Yao Xin, Li Enlang, Chen Yimin, Guo Jiawei, Huang Kecheng, Tang Fengxiao, Zhao Ming
School of Computer Science and Engineering, Central South University, Changsha, 410083, Hunan, China.
School of Computer Science and Engineering, Central South University, Changsha, 410083, Hunan, China.
Neural Netw. 2025 Nov;191:107829. doi: 10.1016/j.neunet.2025.107829. Epub 2025 Jul 3.
Massive videos are released every day particularly through video-focused social media apps like TikTok. This trend has fostered the quick emergence of video retrieval systems, which provide video retrieval services using machine learning techniques.

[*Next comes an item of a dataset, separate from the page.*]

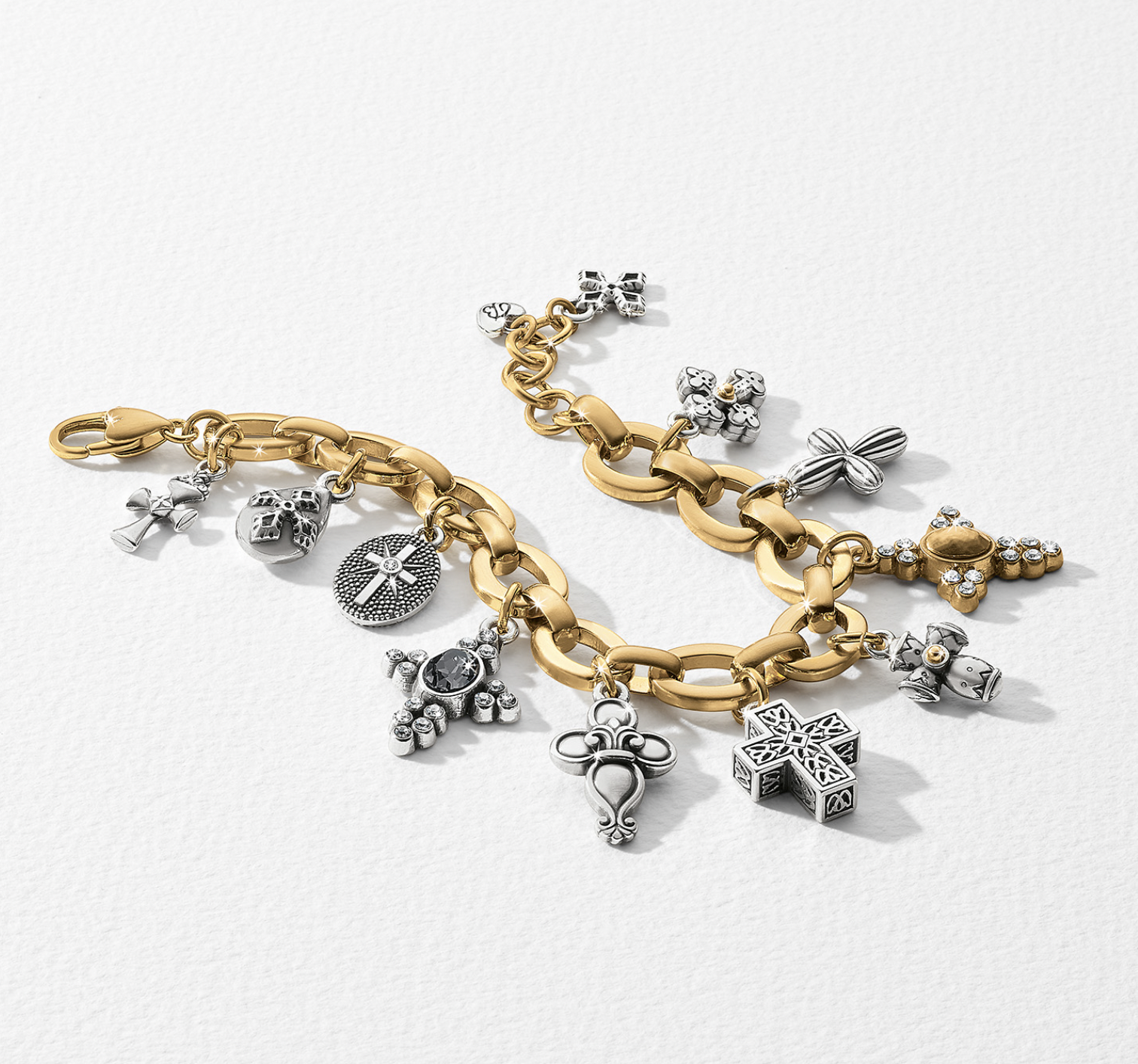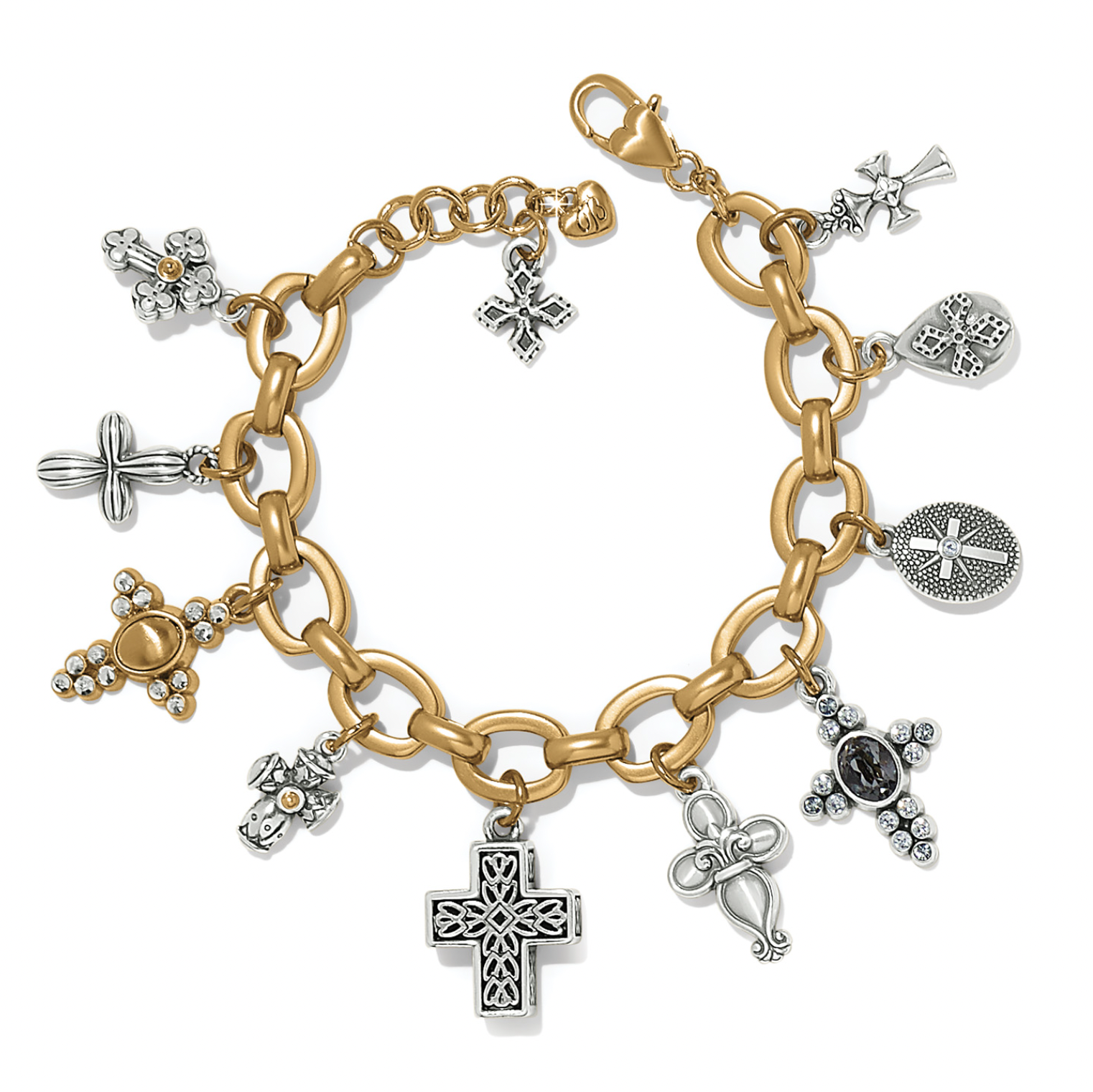 Sculptural golden, silver and mixed metal charms inspired by crosses from around the world celebrate faith in this timeless design that lets you express your beliefs every day.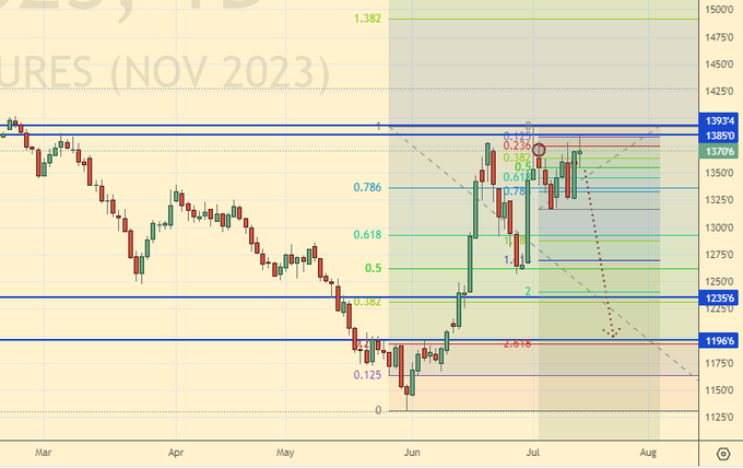 Сценарий падения: продажи можно рассмотреть после падения ниже 15000. Пока вне рынка.

Adversarial example (AE) attacks have been shown to be effective on such systems by perturbing an unaltered video subtly to induce false retrieval results. Such AE attacks can be easily detected because the adversarial perturbations are all over pixels and frames. In this paper, we propose DUO, a stealthy targeted black-box AE attack which uses DUal search Over frame-pixel to generate sparse perturbations and improve stealthiness and query efficiency. DUO is driven by three observations: only "key video frames" decide the model predictions, and different pixels and frames contribute far differently to AEs, and pixels in a frame exhibit locality. Subsequently we propose two AE attacks: DUO featuring pixel sparsity and DUO featuring group sparsity. Our sequential attack pipeline consists of two components, i.e., SparseTransfer and SparseQuery. In effect, DUO utilizes SparseTransfer to generate initial perturbations and then SparseQuery to further rectify them. Meanwhile, DUO focuses on individual pixels, whereas DUO targets groups of pixels. Extensive evaluations on two popular datasets confirm the improved stealthiness and efficacy of DUO over existing AE attacks on video retrieval systems. Particularly, DUO can achieve higher precision while significantly reducing adversarial perturbations by more than ×100 than state-of-the-art, and DUO is with more than ×10 fewer queries.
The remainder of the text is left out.